# [What you should do]
Within the entries below, please retype exactly the lines starting with the line that has "TAB TECNO MEGAPAD" and going on through the line that has "大胆に魅せつつもまるでマシュ", but not the pictures.

[Data items]
-------------------------

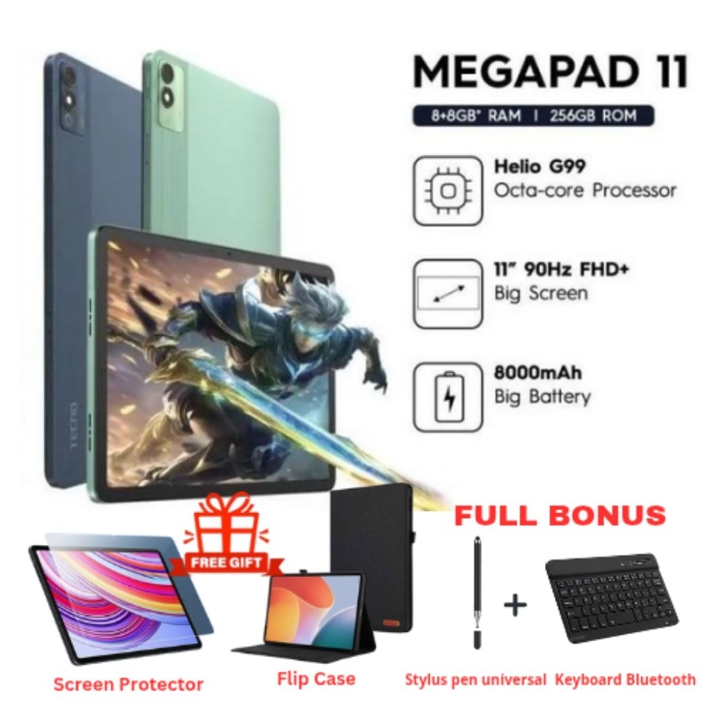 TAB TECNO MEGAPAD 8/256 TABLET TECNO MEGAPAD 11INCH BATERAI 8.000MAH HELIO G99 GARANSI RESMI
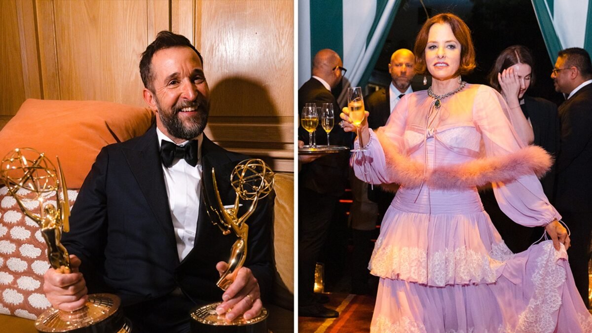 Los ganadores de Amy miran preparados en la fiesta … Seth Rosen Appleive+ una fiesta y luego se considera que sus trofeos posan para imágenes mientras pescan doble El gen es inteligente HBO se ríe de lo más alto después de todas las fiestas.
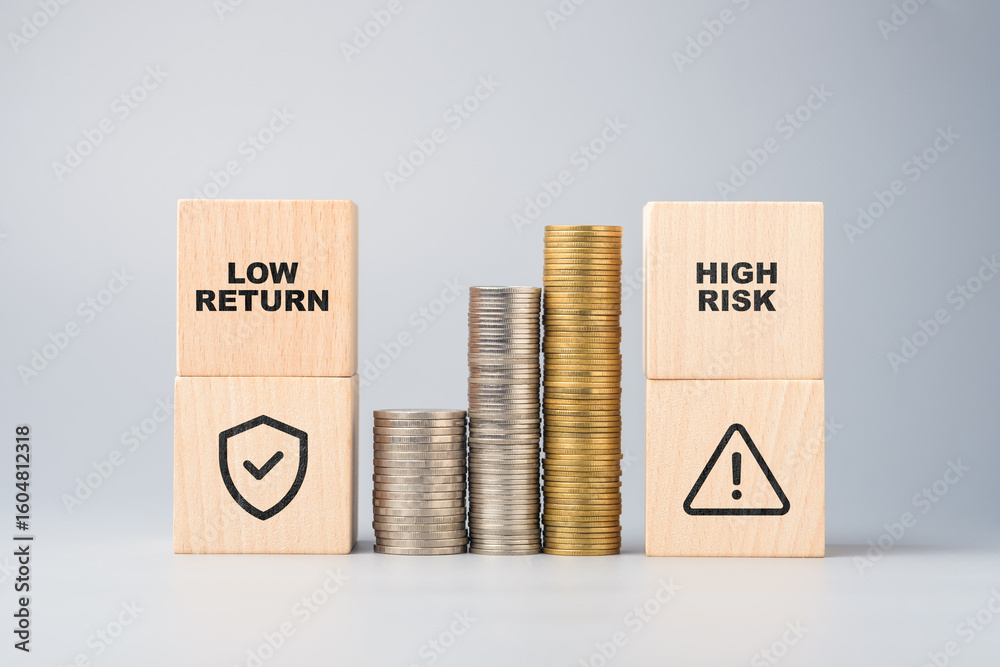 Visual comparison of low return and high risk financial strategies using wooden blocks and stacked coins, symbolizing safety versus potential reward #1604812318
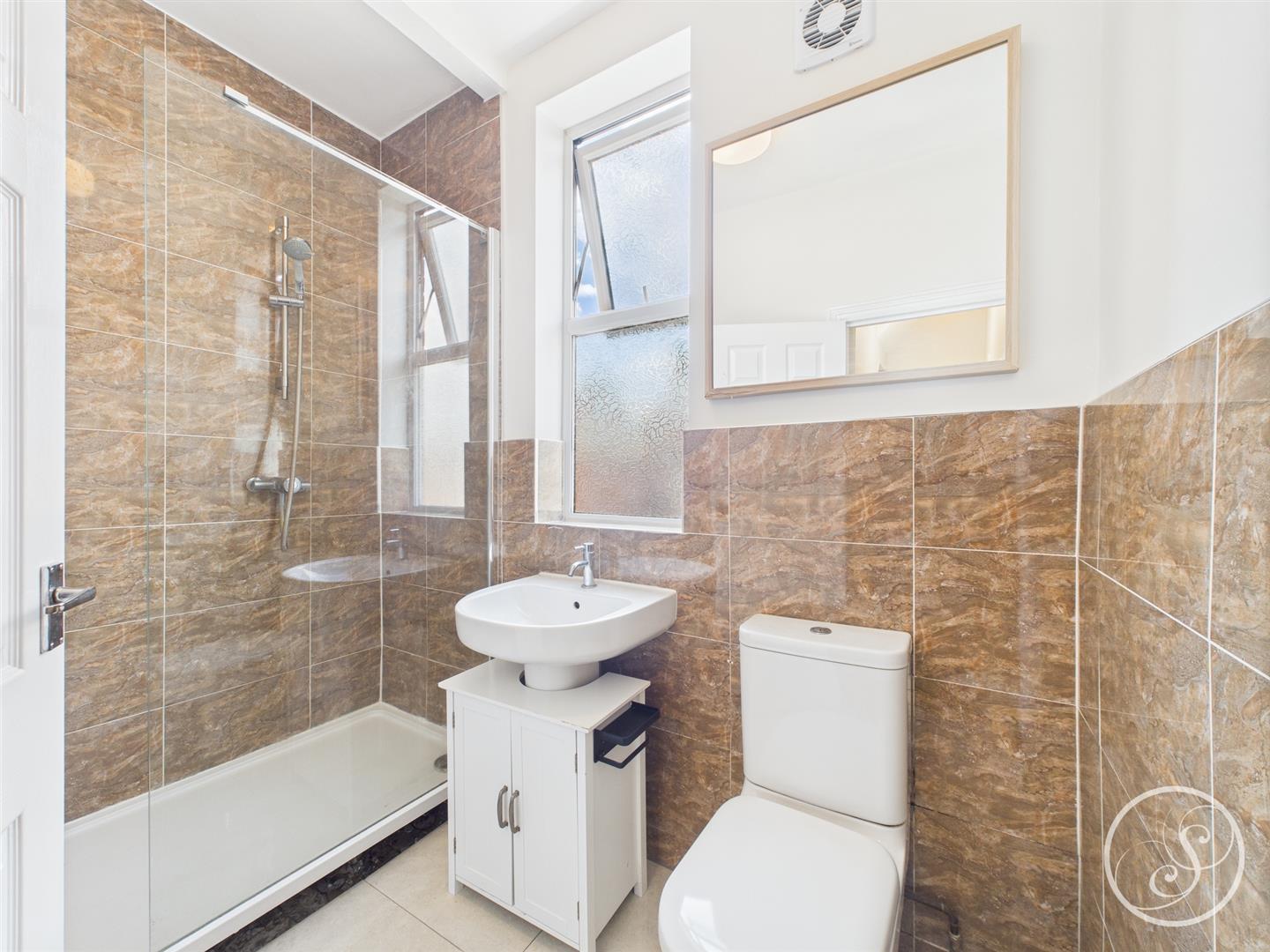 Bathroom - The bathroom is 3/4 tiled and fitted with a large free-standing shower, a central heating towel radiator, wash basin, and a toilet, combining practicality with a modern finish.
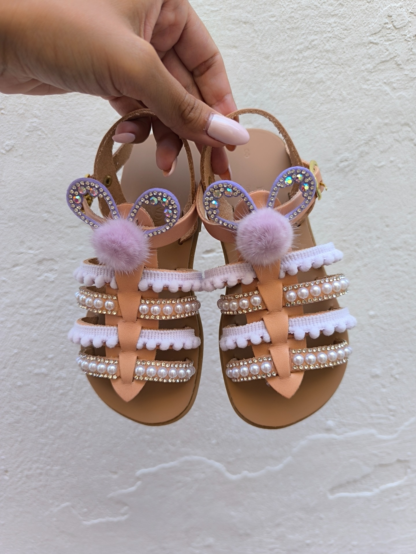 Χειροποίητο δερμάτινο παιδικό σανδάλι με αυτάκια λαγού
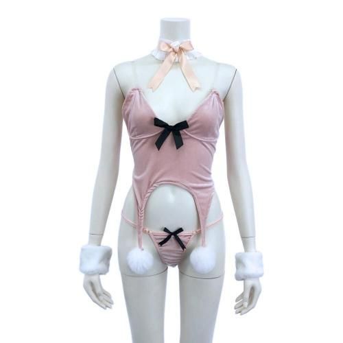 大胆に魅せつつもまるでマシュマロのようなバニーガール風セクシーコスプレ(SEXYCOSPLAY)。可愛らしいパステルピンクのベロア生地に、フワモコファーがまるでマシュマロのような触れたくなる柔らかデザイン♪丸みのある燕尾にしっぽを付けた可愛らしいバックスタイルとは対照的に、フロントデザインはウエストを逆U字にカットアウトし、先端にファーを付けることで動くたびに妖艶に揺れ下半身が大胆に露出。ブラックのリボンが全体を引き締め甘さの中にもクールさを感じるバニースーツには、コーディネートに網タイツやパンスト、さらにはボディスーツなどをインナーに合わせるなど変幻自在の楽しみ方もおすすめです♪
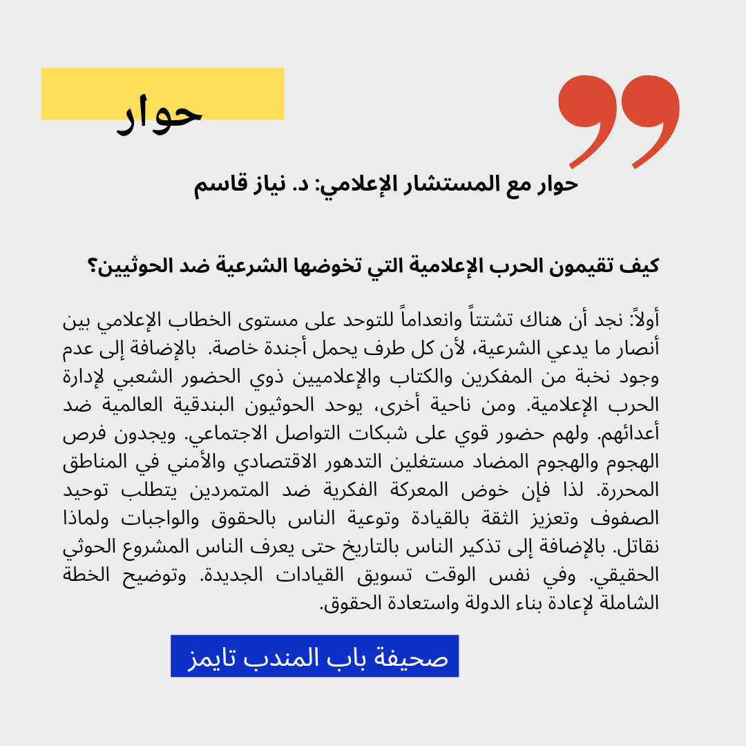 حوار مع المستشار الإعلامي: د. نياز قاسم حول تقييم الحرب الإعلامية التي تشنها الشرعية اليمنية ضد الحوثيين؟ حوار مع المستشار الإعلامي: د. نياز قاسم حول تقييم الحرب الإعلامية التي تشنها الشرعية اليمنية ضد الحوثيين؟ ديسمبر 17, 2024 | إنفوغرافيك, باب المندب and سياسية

-------------------------

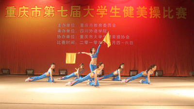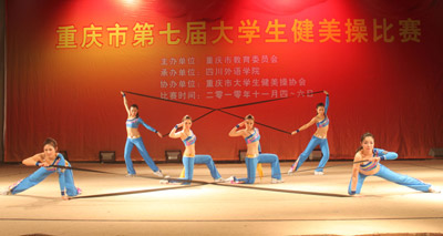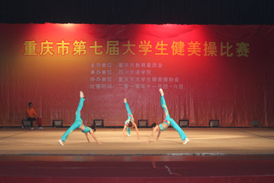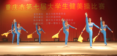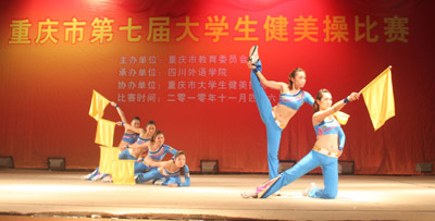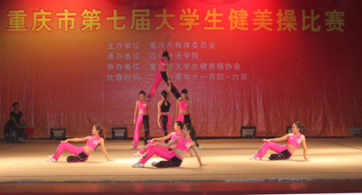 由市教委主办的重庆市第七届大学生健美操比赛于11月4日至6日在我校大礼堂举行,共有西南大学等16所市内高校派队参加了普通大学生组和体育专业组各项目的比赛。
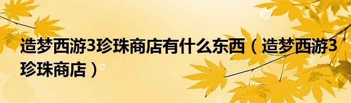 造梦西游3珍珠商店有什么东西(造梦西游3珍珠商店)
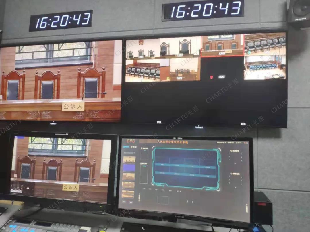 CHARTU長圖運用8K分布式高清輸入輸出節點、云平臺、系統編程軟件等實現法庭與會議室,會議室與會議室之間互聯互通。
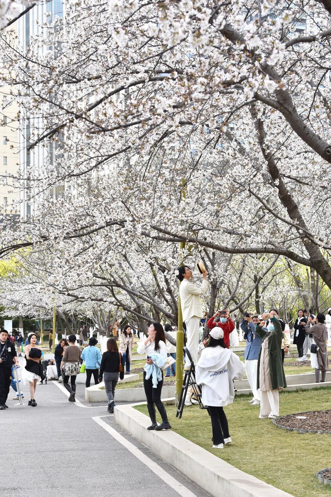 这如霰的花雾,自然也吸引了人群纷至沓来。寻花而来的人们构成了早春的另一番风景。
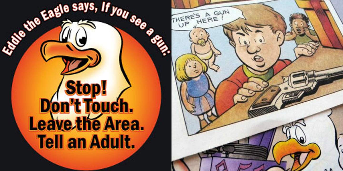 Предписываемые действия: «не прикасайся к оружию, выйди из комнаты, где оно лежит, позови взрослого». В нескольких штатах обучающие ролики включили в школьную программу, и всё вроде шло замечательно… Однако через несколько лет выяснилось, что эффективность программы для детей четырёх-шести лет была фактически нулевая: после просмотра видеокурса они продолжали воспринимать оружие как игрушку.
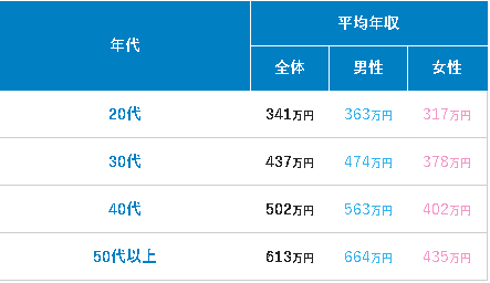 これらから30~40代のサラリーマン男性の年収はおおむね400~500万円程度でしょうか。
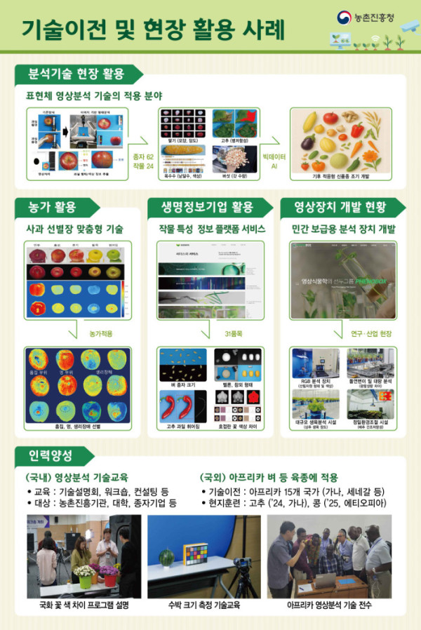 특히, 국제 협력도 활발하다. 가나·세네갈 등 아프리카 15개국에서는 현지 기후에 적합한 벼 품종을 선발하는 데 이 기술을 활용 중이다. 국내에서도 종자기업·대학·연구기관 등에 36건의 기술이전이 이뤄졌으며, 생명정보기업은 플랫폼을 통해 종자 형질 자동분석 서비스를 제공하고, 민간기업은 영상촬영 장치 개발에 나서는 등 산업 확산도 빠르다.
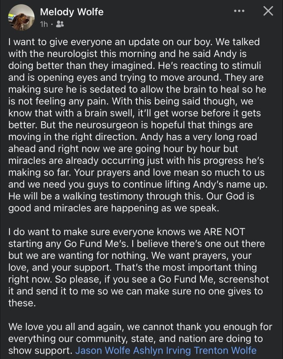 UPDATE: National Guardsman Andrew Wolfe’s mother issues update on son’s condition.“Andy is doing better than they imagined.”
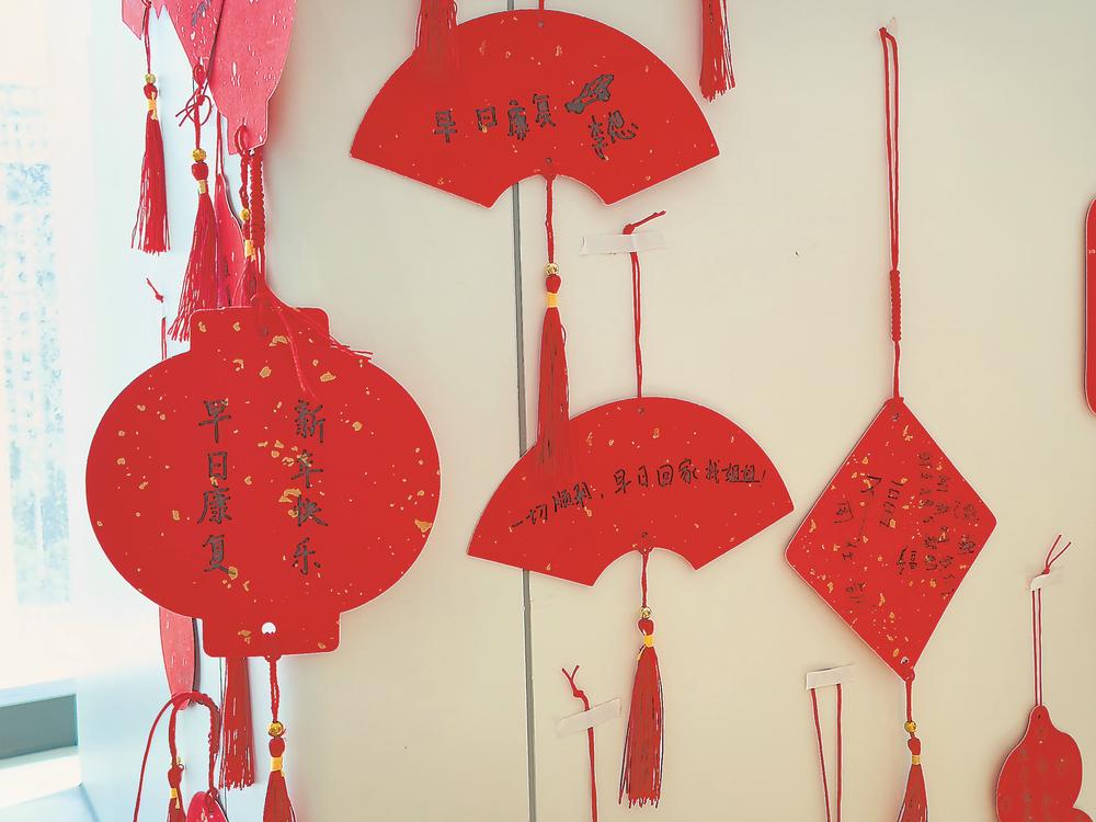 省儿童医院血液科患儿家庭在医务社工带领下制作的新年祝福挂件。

-------------------------

# [Response area]
 TAB TECNO MEGAPAD 8/256 TABLET TECNO MEGAPAD 11INCH BATERAI 8.000MAH HELIO G99 GARANSI RESMI
 Los ganadores de Amy miran preparados en la fiesta … Seth Rosen Appleive+ una fiesta y luego se considera que sus trofeos posan para imágenes mientras pescan doble El gen es inteligente HBO se ríe de lo más alto después de todas las fiestas.
 Visual comparison of low return and high risk financial strategies using wooden blocks and stacked coins, symbolizing safety versus potential reward #1604812318
 Bathroom - The bathroom is 3/4 tiled and fitted with a large free-standing shower, a central heating towel radiator, wash basin, and a toilet, combining practicality with a modern finish.
 Χειροποίητο δερμάτινο παιδικό σανδάλι με αυτάκια λαγού
 大胆に魅せつつもまるでマシュマロのようなバニーガール風セクシーコスプレ(SEXYCOSPLAY)。可愛らしいパステルピンクのベロア生地に、フワモコファーがまるでマシュマロのような触れたくなる柔らかデザイン♪丸みのある燕尾にしっぽを付けた可愛らしいバックスタイルとは対照的に、フロントデザインはウエストを逆U字にカットアウトし、先端にファーを付けることで動くたびに妖艶に揺れ下半身が大胆に露出。ブラックのリボンが全体を引き締め甘さの中にもクールさを感じるバニースーツには、コーディネートに網タイツやパンスト、さらにはボディスーツなどをインナーに合わせるなど変幻自在の楽しみ方もおすすめです♪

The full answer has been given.